Oregon beach bound? Seasonal snowy plover protections in effect

A pair of western snowy on coastal sand

CORVALLIS, Ore.March 23, 2018 — Oregon beachgoers are asked to help recovery efforts for the threatened western snowy plover by respecting nesting areas and beach restrictions during nesting season, March 15 through Sept. 15.

Beachgoers may see signs and ropes that identify sensitive western snowy plover nesting areas. and will need to adhere to any posted restrictions.

Four juvenile western snowy plovers on the sand

Juvenile western snowy plovers at Oregon Dunes, Siuslaw National Forest in an undated photo. USDA Forest Service photo by Adam Kotaich.

These federally protected shorebirds nest on open sand along Oregon’s beaches.

Nests, and especially chicks, are well-camouflaged.

During nesting season, human disturbances can flush adult plovers away from their nests as they attempt to defend their young from the perceived predator. Left alone too long, eggs or chicks can die from exposure, predators, or people.

“We’re making great strides in reversing the downward slide of this species,” Cindy Burns, wildlife biologist for Siuslaw National Forest, said. “But it takes all of us, so we hope people will do their part to understand nesting season rules and to share the beach this spring and summer.”

Signage for Oregon Dunes Trail and Shorebirds Nesting area. Vehicles, bicycles, camping and dogs are prohibited on the beach March 15 to Sept. 15 annually, and pedestrians are limited to walking on wet sandy areas, only.

Signs warn visitors about restricted activity at a known western snowy plover nesting area on the Oregon Dunes, located in the Siuslaw National Forest in an undated USDA Forest Service photo.

Certain beaches, listed here (Oregon dunes only) and here (coastwide), are known plover nesting areas.

On these beaches, the dry sand and dunes are closed, except along official trails, to protect eggs and chicks.

Visitors may see roped off areas within these plover management areas, which serve to protect the most sensitive habitat; however, all dry sand on both sides of the rope is closed, except on designated trails.

Wet sand areas on the designated beaches remain open to foot and equestrian traffic, but no dogs, kites, drones, camping, bicycles, or motor vehicles are allowed.

Western snowy plover nesting areas collectively comprise only about 40 miles of Oregon’s 362 miles of shoreline, but are spread out along the entire coast.

“Visitors will have access to hundreds of miles of beaches without these seasonal restrictions,” Laurel Hillmann, ocean shores specialist for Oregon State Parks, said. “By planning your trip, you can enjoy the coast and help keep this sensitive bird safe.”

A nest of brown-speckled snowy plover eggs is difficult to see, even while almost entirely exposed on a sandy beach, surrounded by coastal vegetation.

A western snowy plover nests can be extremely difficult to see on the dry sandy beaches where the shorebird nests, as seen in this undated photo. Chicks reach fledgling age about one month after hatching. National Park Service photo.

Visitors to the Oregon Dunes National Recreation Area are encouraged to review this map to identify unrestricted recreation areas.
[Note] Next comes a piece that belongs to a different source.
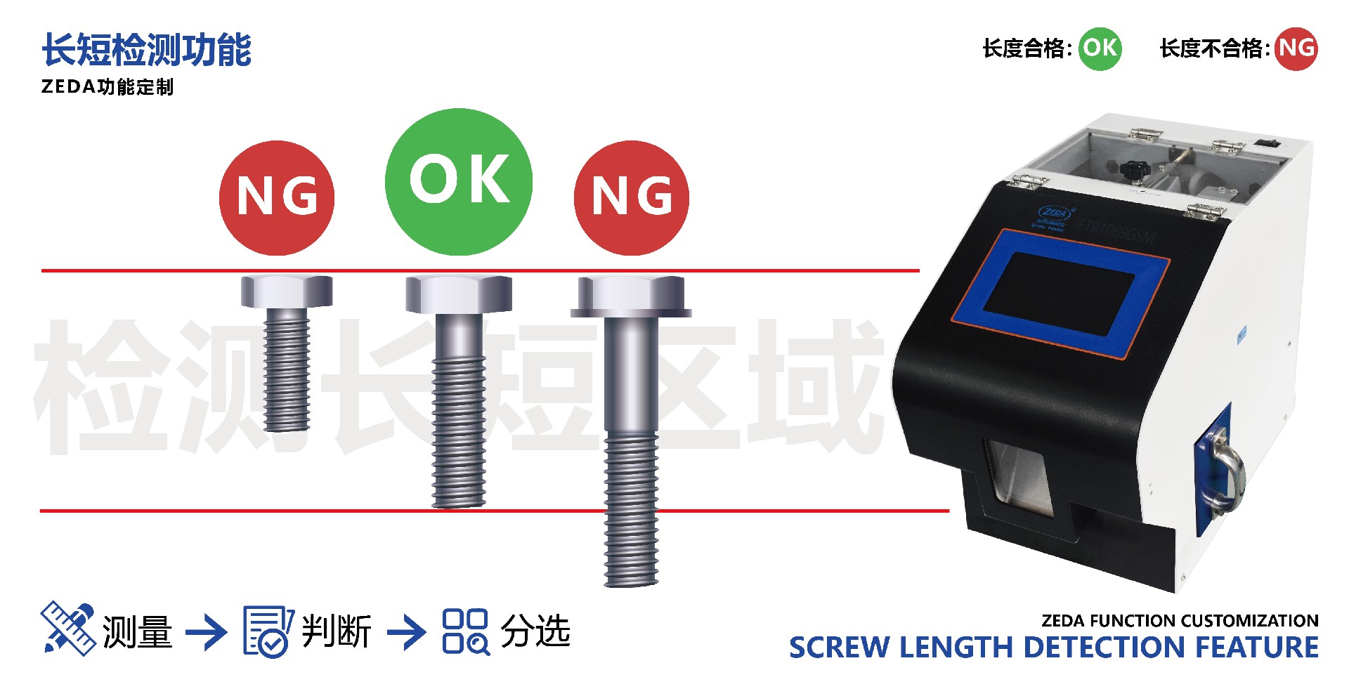 影響最終鎖附品質的(de)關鍵(jiàn)變(biàn)量。為此(cǐ),集成於(yú)供(gòng)料環節的長短檢測(Length Detection)功能——在行業中亦稱為尺寸篩選(Size Screening)或良品篩選(OK/NG Sorting)——已(yǐ)成為保障良率不可或缺的“智能守門員”,尤其針對危害最大的短料檢測(Short Screw Detection)需求。

Information on riding motor vehicles on the sand can be found here.

Information about what Oregon coast beaches are open to dogs is available here.

The western snowy plover is a federally protected shorebird.

Nesting areas within the Oregon Dunes National Recreation Area include the following (signs are posted at all nesting beach access points):

  • Baker/Sutton beaches
  • Siltcoos estuary south to within a ½ mile of Sparrow Park Road, which includes:
    • Oregon Dunes Day Use beach
    • Tahkenitch Creek estuary
  • Ten Mile Creek estuary, starting from ¼ mile south of the Douglas/Coos County line to the Coast Guard south off-highway vehicle (OHV) trail

Detailed information about nesting restrictions and site locations, as well as links to resources from Oregon State Parks, can be found on the Siuslaw website at www.fs.usda.gov/siuslaw.

The U.S. Fish and Wildlife Service listed western snowy plovers as a threatened species in 1993. Habitat loss from invasive plants, as well as human disturbances, including litter and discarded food scraps that attract predators, have contributed to the birds’ decline.

The Oregon Dunes Restoration Collaborative is working with land managers to develop and implement a restoration strategy as well as raise public awareness about the need to restore the dunes ecosystem for snowy plover, rare plants and animals, and the unique recreation opportunities offered here.

By Lisa Romano, USDA Forest Service – Siuslaw National Forest
and
Laurel Hillman, Oregon Parks and Recreation Department

A western snowy plover stands on the sand

The western snowy plover is a small shorebird distinguished from other plovers by its small size, pale brown upper parts, dark patches on either side of the upper breast, and dark gray to blackish legs. During the breeding season (March through September), plovers can be seen nesting along the shores, peninsulas, offshore islands, bays, estuaries, and rivers of the United States’ Pacific Coast. This undated photo displays a bird in its winter plumage. US Fish and Wildlife Service photo.